Over de vraag of niet-Nederlandse ingezetenen van de openbare lichamen Bonaire, Sint Eustatius en Saba het actief en passief kiesrecht zouden moeten hebben voor de verkiezing van de leden van de eilandsraad is sinds de hervorming van de staatkundige structuur van het Koninkrijk diverse malen discussie gevoerd. In het voorstel van wet tot wijziging van de Kieswet in verband met de nieuwe staatsrechtelijke positie van Bonaire, Sint Eustatius en Saba als openbaar lichaam binnen Nederland was opgenomen dat niet-Nederlandse ingezetenen het actief en passief kiesrecht voor de verkiezing van de leden van de eilandsraad zouden krijgen.3 Tijdens de behandeling van dit voorstel werd door het lid Remkes een amendement ingediend, waarmee deze toekenning uit het voorstel werd geschrapt.4 De belangrijkste overweging voor dat amendement was dat in dat wetsvoorstel ook geregeld werd dat de leden van de eilandsraden kiesrecht zouden krijgen voor de Eerste Kamer. Dit zou betekenen dat niet-Nederlanders invloed zouden krijgen op de samenstelling van de Eerste Kamer. De overweging om niet-Nederlanders geen kiesrecht voor verkiezingen van Provinciale Staten toe te kennen is dan ook steeds geweest om hen geen invloed op de samenstelling van de Eerste Kamer te geven. Het amendement werd aanvaard.5 Ondertussen besloot de regering echter naar aanleiding van een motie van het lid-Remkes c.s.6 dat de regeling over het kiesrecht van de eilandsraden voor de Eerste Kamer niet via de gewone wet, maar via een wijziging van de Grondwet zou moeten worden geregeld.7 Dit voorstel tot wijziging van de Grondwet strekkende tot het opnemen van een constitutionele basis voor de openbare lichamen Bonaire, Sint Eustatius en Saba en het regelen van de betrokkenheid van hun algemeen vertegenwoordigende organen bij de verkiezing van de leden van de Eerste Kamer is in eerste lezing door de Tweede Kamer aangenomen. De Eerste Kamer heeft aangegeven de behandeling daarvan aan te houden tot de evaluatie van de nieuwe staatkundige structuur is afgerond.8
In 2011 heeft het Gemeenschappelijk Hof van Justitie van Aruba, Curaçao, Sint Maarten en van Bonaire, Sint Eustatius en Saba (hierna: het Hof) geoordeeld dat artikel Ya 14 van de Kieswet, waarin was vastgelegd dat het actief kiesrecht voor de eilandsraadverkiezingen alleen toekwam aan Nederlanders, buiten toepassing moest worden gelaten wegens strijd met artikel 26 van het Internationaal Verdrag inzake burgerrechten en politieke rechten (IVBPR) en artikel 1, eerste lid, van het Twaalfde Protocol bij het Europees Verdrag tot bescherming van de rechten van de mens en fundamentele vrijheden (EVRM).
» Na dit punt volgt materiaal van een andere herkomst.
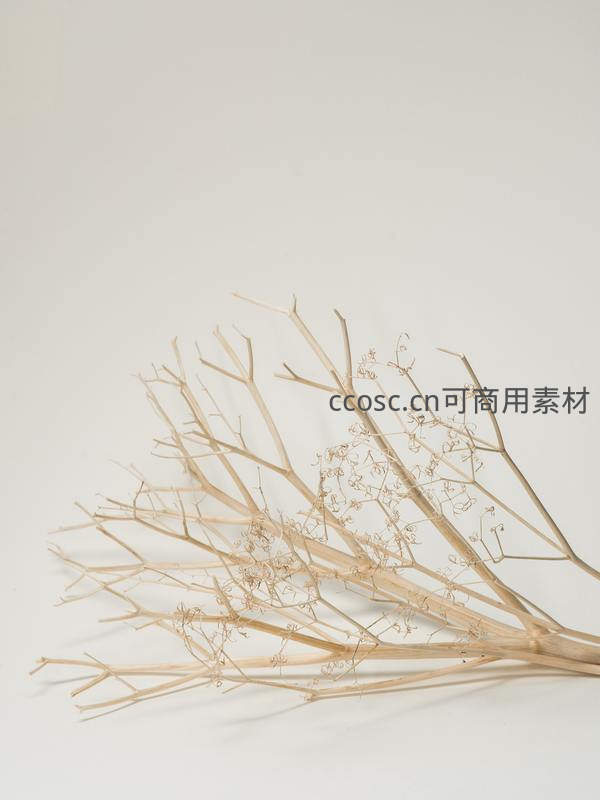 浅色背景下的干枯植物枝条,形态纤细交错,展现自然凋零的静谧美感,适合用于极简风格设计或艺术创作。
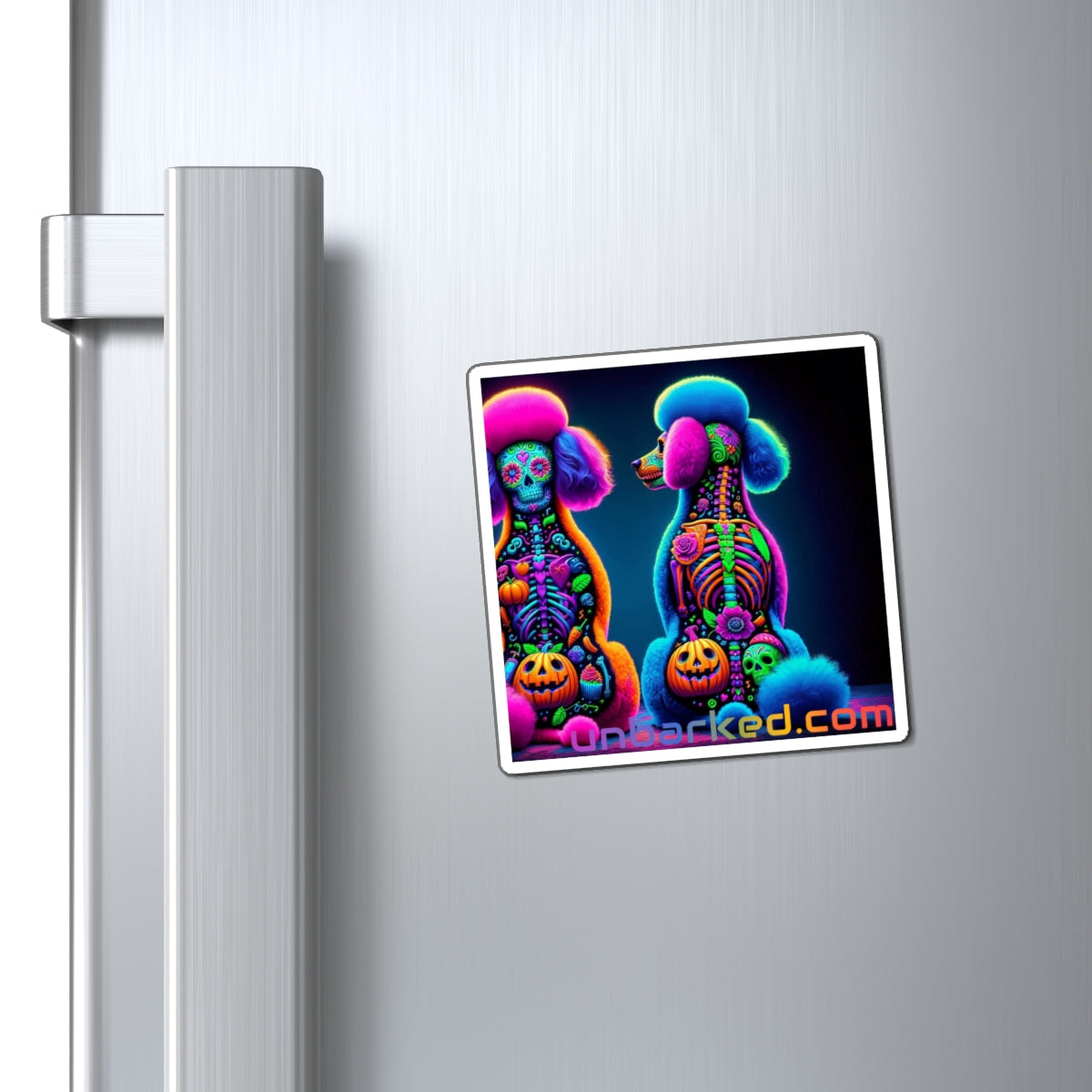 3" Square Magnet - UNBARKED! Halloween Collection - Poodle Dog Vibrant Día de Muertos Tattoo
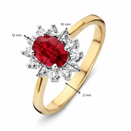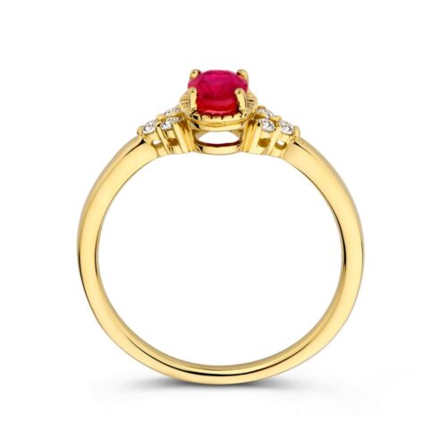 Ring geelgoud robijn + briljant
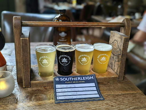 We recently went to Southerleigh for appetizers and small plates. We enjoyed 5 of these along with some of the fresh craft brew. The food was great, although a theme youll see below is that it didnt wow me or amaze me at any point really (only thing thus far is the pork chop). I always felt like the flavors of everything we tried could have "popped" more whether it be through more acid, salt, or fat. Or all three :) Deviled eggs with bacon and onion marmalade. These were really good deviled eggs: savory-yet-balanced. The pig fat pull apart rolls were also very good. How often do you find real fresh-baked rolls, especially in a cast-iron skillet, and most especially with lard rather than some cheap and nasty shortening/vegetable/seed oil? Further, theres a compound butter to go with it. Thats comfort food right there. We also got some herbed mash potatoes, and for mash potatoes, theyre good but nothing revelatory. Now, the two most standout dishes follow: the snapper throat and the chicken cracklins. First, the snapper throat is a deep fried snapper throat. Its delicious, all by itself, but there are two sauces that come with it as well. I believe they are two versions of a remoulade at the time we visited, both delicious. The snapper was memorable as was the the cracklins. Now, these cracklins are covered in a mixture of Crystal hot sauce (it doesnt get much better than Crystal) and honey. These are pretty good, and I recommend them. The Dog Ate My Alarm is a chocolate stout that I deeply appreciated during the course of this meal. The only comparable stout of similar taste to it is the Samuel Smiths Chocolate Stout out of England. We finished with the cobbler dessert, which was the weakest point of the meal. I thought the cobbler was unbalanced due to disproportional levels of peach, blackberry, and dough. I understand the use of the frozen vanilla anglaise; however, its a better application in theory than in practice as its still mostly frozen when your plate arrives. Ive had much better cobblers in my life, and most recently, at Stonewerks of all places. On other trips, weve tried most of the other sides - all good, but nothing special. The best thing weve eaten thus far was the pork chop (perfectly cooked) with a bacon and sausage gravy. One of the top 5 pork chops Ive eaten. Its really the only thing on the menu that has surpassed "good" or "pretty good" to "great". In short, I really enjoy the atmosphere and the theme/menu of Southerleigh. Its not one of the best restaurants in town (and its a bit overrated I think by the local media and public), but its definitely one of the better restaurants in town. Most things are "good" (prepared mostly properly with some flavor to it), but only the pork chop thus far was "great". Its a solid 4 stars; to get 5, they need to put out better versions of Southern food (particularly the sides and small plates) than I can make myself at home.
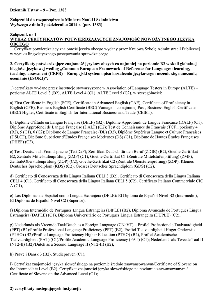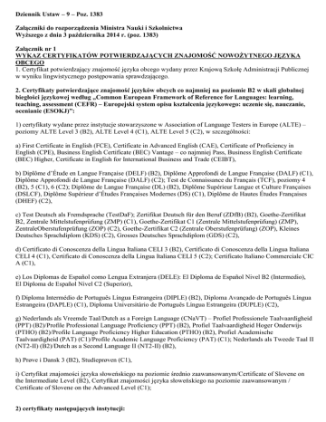Dziennik Ustaw – 9 – Poz. 1383 Załączniki do rozporządzenia Ministra Nauki i Szkolnictwa Wyższego z dnia 3 października 2014 r. (poz. 1383) Załącznik nr 1 WYKAZ CERTYFIKATÓW POTWIERDZAJĄCYCH ZNAJOMOŚĆ NOWOŻYTNEGO JĘZYKA OBCEGO 1. Certyfikat potwierdzający znajomość języka obcego wydany przez Krajową Szkołę Administracji Publicznej w wyniku lingwistycznego postępowania sprawdzającego. 2. Certyfikaty potwierdzające znajomość języków obcych co najmniej na poziomie B2 w skali globalnej biegłości językowej według „Common European Framework of Reference for Languages: learning, teaching, assessment (CEFR) – Europejski system opisu kształcenia językowego: uczenie się, nauczanie, ocenianie (ESOKJ)”: 1) certyfikaty wydane przez instytucje stowarzyszone w Association of Language Testers in Europe (ALTE) – poziomy ALTE Level 3 (B2), ALTE Level 4 (C1), ALTE Level 5 (C2), w szczególności: a) First Certificate in English (FCE), Certificate in Advanced English (CAE), Certificate of Proficiency in English (CPE), Business English Certificate (BEC) Vantage – co najmniej Pass, Business English Certificate (BEC) Higher, Certificate in English for International Business and Trade (CEIBT), b) Diplôme d’Étude en Langue Française (DELF) (B2), Diplôme Approfondi de Langue Française (DALF) (C1), Diplôme Approfondi de Langue Française (DALF) (C2); Test de Connaissance du Français (TCF), poziomy 4 (B2), 5 (C1), 6 (C2); Diplôme de Langue Française (DL) (B2), Diplôme Supérieur Langue et Culture Françaises (DSLCF), Diplôme Supérieur d’Études Françaises Modernes (DS) (C1), Diplôme de Hautes Études Françaises (DHEF) (C2), c) Test Deutsch als Fremdsprache (TestDaF); Zertifikat Deutsch für den Beruf (ZDfB) (B2), Goethe-Zertifikat B2, Zentrale Mittelstufenprüfung (ZMP) (C1), Goethe-Zertifikat C1 (Zentrale Mittelstufenprüfung) (ZMP), ZentraleOberstufenprüfung (ZOP) (C2), Goethe-Zertifikat C2 (Zentrale Oberstufenprüfung) (ZOP), Kleines Deutsches Sprachdiplom (KDS) (C2), Grosses Deutsches Sprachdiplom (GDS) (C2), d) Certificato di Conoscenza della Lingua Italiana CELI 3 (B2), Certificato di Conoscenza della Lingua Italiana CELI 4 (C1), Certificato di Conoscenza della Lingua Italiana CELI 5 (C2); Certificato Italiano Commerciale CIC A (C1), e) Los Diplomas de Español como Lengua Extranjera (DELE): El Diploma de Español Nivel B2 (Intermedio), El Diploma de Español Nivel C2 (Superior), f) Diploma Intermédio de Português Língua Estrangeira (DIPLE) (B2), Diploma Avançado de Português Língua Estrangeira (DAPLE) (C1), Diploma Universitário de Português Língua Estrangeira (DUPLE) (C2), g) Nederlands als Vreemde Taal/Dutch as a Foreign Language (CNaVT) – Profiel Professionele Taalvaardigheid (PPT) (B2)/Profile Professional Language Proficiency (PPT) (B2), Profiel Taalvaardigheid Hoger Onderwijs (PTHO) (B2)/Profile Language Proficiency Higher Education (PTHO) (B2), Profiel Academische Taalvaardigheid (PAT) (C1)/Profile Academic Language Proficiency (PAT) (C1); Nederlands als Tweede Taal II (NT2-II) (B2)/Dutch as a Second Language II (NT2-II) (B2), h) Prøve i Dansk 3 (B2), Studieprøven (C1), i) Certyfikat znajomości języka słoweńskiego na poziomie średnio zaawansowanym/Certificate of Slovene on the Intermediate Level (B2), Certyfikat znajomości języka słoweńskiego na poziomie zaawansowanym / Certificate of Slovene on the Advanced Level (C1); 2) certyfikaty następujących instytucji: a) Educational Testing Service (ETS) – w szczególności certyfikaty: Test of English as a Foreign Language (TOEFL) – co najmniej 87 pkt w wersji Internet-Based Test (iBT); Test of English as a Foreign Language (TOEFL) – co najmniej 180 pkt w wersji Computer-Based Test (CBT) uzupełnione o co najmniej 50 pkt z Test of Spoken English (TSE); Test of English as a Foreign Language (TOEFL) – co najmniej 510 pkt w wersji Paper- Based Test (PBT) uzupełnione o co najmniej 3,5 pkt z Test of Written English (TWE) oraz o co najmniej 50 pkt z Test of Spoken English (TSE); Test of English for International Communication (TOEIC) – co najmniej 700 pkt; Test de Français International (TFI) – co najmniej 605 pkt, b) European Consortium for the Certificate of Attainment in Modern Languages (ECL), Dziennik Ustaw – 10 – Poz. 1383 c) City & Guilds, City & Guilds Pitman Qualifications, Pitman Qualifications Institute – w szczególności certyfikaty: English for Speakers of Other Languages (ESOL) – First Class Pass at Intermediate Level, Higher Intermediate Level, Advanced Level; International English for Speakers of Other Languages (IESOL) – poziom „Communicator”, poziom „Expert”, poziom „Mastery”; City & Guilds Level 1 Certificate in ESOL International (reading, writing and listening) Communicator (B2) 500/1765/2; City & Guilds Level 2 Certificate in ESOL International (reading, writing and listening) Expert (C1) 500/1766/4; City & Guilds Level 3 Certificate in ESOL International (reading, writing and listening) Mastery (C2) 500/1767/6; Spoken English Test (SET) for Business – Stage B poziom „Communicator”, Stage C poziom „Expert”, Stage C poziom „Mastery”; English for Business Communications (EBC) – Level 2, Level 3; English for Office Skills (EOS) – Level 2, d) Edexcel, Pearson Language Tests, Pearson Language Assessments – w szczególności certyfikaty: London Tests of English, Level 3 (Edexcel Level 1 Certificate in ESOL International); London Tests of English, Level 4 (Edexcel Level 2 Certificate in ESOL International); London Tests of English, Level 5 (Edexcel Level 3 Certificate in ESOL International), e) Education Development International (EDI), London Chamber of Commerce and Industry Examinations Board – w szczególności certyfikaty: London Chamber of Commerce and Industry Examinations (LCCI) – English for Business Level 2, English for Business Level 3, English for Business Level 4; London Chamber of Comme
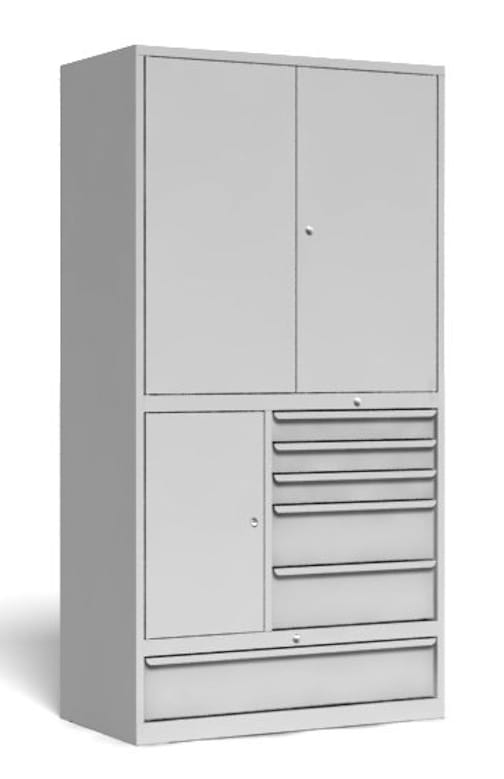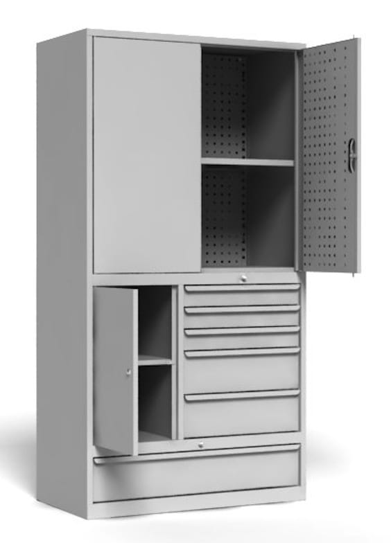 Szafa narzędziowa do przechowywania, składa się z trzech modułów: górnego z szafką z podwójnymi drzwiami skrzydłowymi, modułu środkowego z szafką i 5 szufladami i dolnego składającego się z dwóch szuflad.
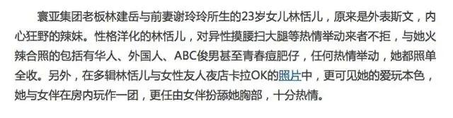 尽管没有照片流出,也并不清楚"剪影门"的真伪,但媒体和大众都把这个形象盖到了林恬儿的头上,认定了她就是"剪影门"的女主之一。
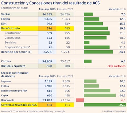 Los negocios de construcción y operación de infraestructuras tiran con fuerza similar del resultado de ACS al cierre del tercer trimestre. El grupo ha declarado un beneficio neto de 576 millones a 30 de septiembre, lo que supone una mejora del 19,9% respecto a los tres primeros trimestres de 2022. El área de Construcción aporta 309 millones, con un ascenso del 21,5%, mientras que el beneficio de Concesiones crece un 18,9% y se sitúa en 173 millones. El negocio de Servicios entrega 22 millones, superando en un 4,6% el resultado declarado en septiembre del año pasado. En este último caso la compañía da los primeros pasos para la venta de la filial Clece.
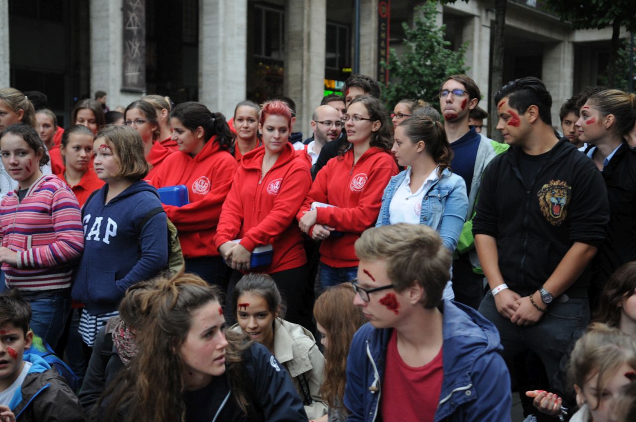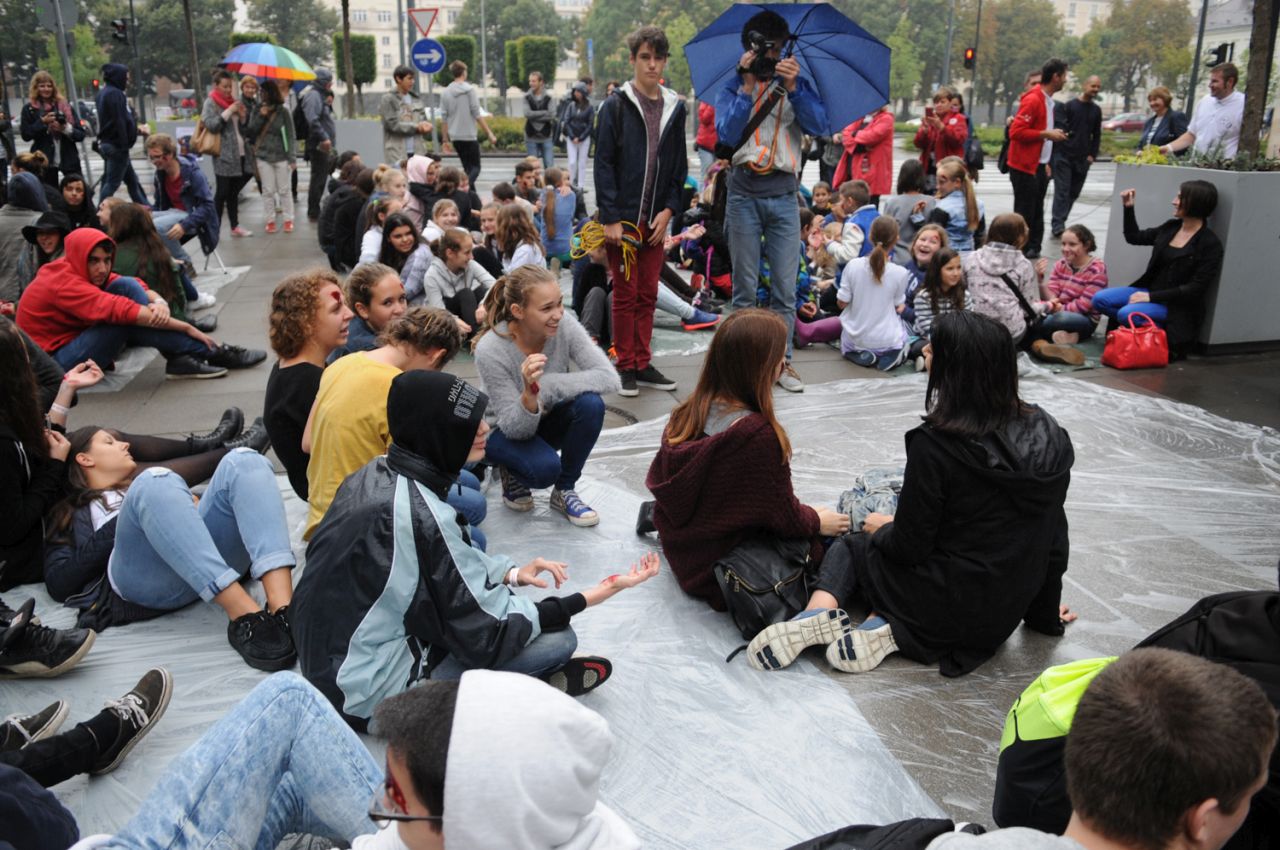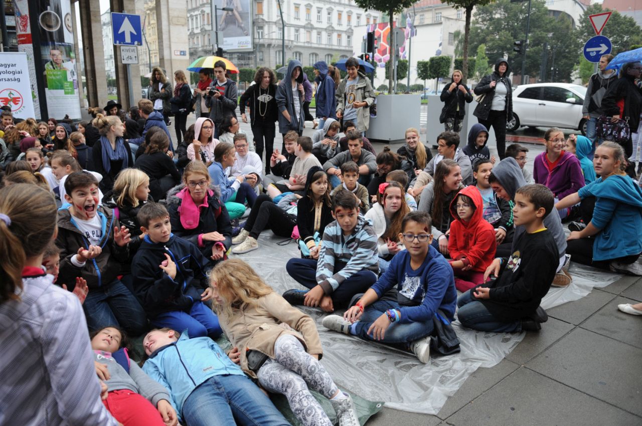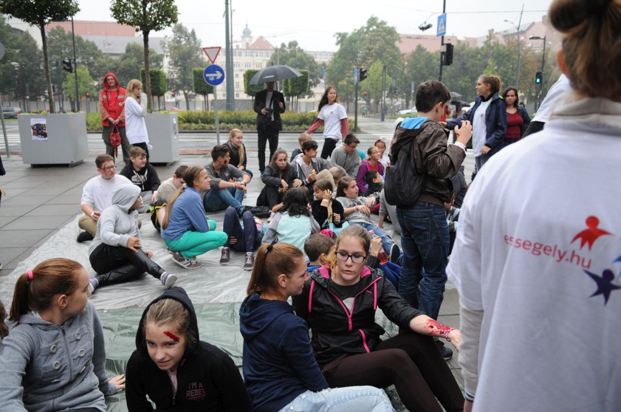 Baleset-szimulációs performance a Madách Imre téren, az Elsősegélynyújtás világnapja alkalmából.

Het Hof constateerde dat de eilandsraden, gezien het oogmerk van de wetgever om wat betreft de bestuurlijke structuur en bevoegdheden van de openbare lichamen zoveel mogelijk aan te sluiten bij de inrichting van de Nederlandse gemeenten, voor deze kwestie op één lijn moeten worden gesteld met gemeenteraden. Niet-Nederlandse ingezetenen hebben kiesrecht voor de gemeenteraden. Het niet toekennen van kiesrecht aan niet-Nederlandse ingezetenen voor de eilandsraden leidt daarmee tot ongelijke behandeling, waarvoor een objectieve en redelijke rechtvaardiging gegeven moet kunnen worden. Omdat het argument dat in het amendement-Remkes werd aangevoerd zag op de situatie waarin de eilandsraden het kiesrecht voor de Eerste Kamer hebben en deze situatie niet ingaat zolang de Grondwet niet is aangepast, bestond er naar het oordeel van het Hof voor deze ongelijke behandeling vooralsnog geen rechtvaardiging. Het Hof concludeerde dat artikel Ya 14 van de Kieswet buiten toepassing moest worden gelaten en dat niet-Nederlandse ingezetenen van de openbare lichamen op dezelfde voet kiesrecht voor de eilandsraad dienden te krijgen als niet-Nederlandse ingezetenen dat hebben voor de gemeenteraadsverkiezingen.9
Deze uitspraak was aanleiding tot wijziging van de Kieswet door middel van de bovengenoemde wet van 3 juli 2013. Hierin worden zowel het actieve als het passieve kiesrecht aan niet-Nederlandse ingezetenen op de openbare lichamen toegekend. Tijdens de behandeling van dat wetsvoorstel gaf een groot deel van de Eerste Kamer aan bezwaar te hebben tegen deze onderdelen van het voorstel. Het argument hiervoor was dat niet-Nederlandse ingezetenen direct noch indirect invloed zouden moeten hebben op de samenstelling van de beide Kamers der Staten-Generaal. Door nu het kiesrecht voor de eilandsraden toe te kennen, zou, gelet op dit standpunt, de Kieswet opnieuw gewijzigd moeten worden indien de bovengenoemde wijziging van de Grondwet in werking treedt. Dit werd onwenselijk geacht.10 De Minister heeft naar aanleiding van dit standpunt toegezegd met een daartoe strekkend wetsvoorstel te komen. Met het voorliggende voorstel doet hij deze toezegging gestand.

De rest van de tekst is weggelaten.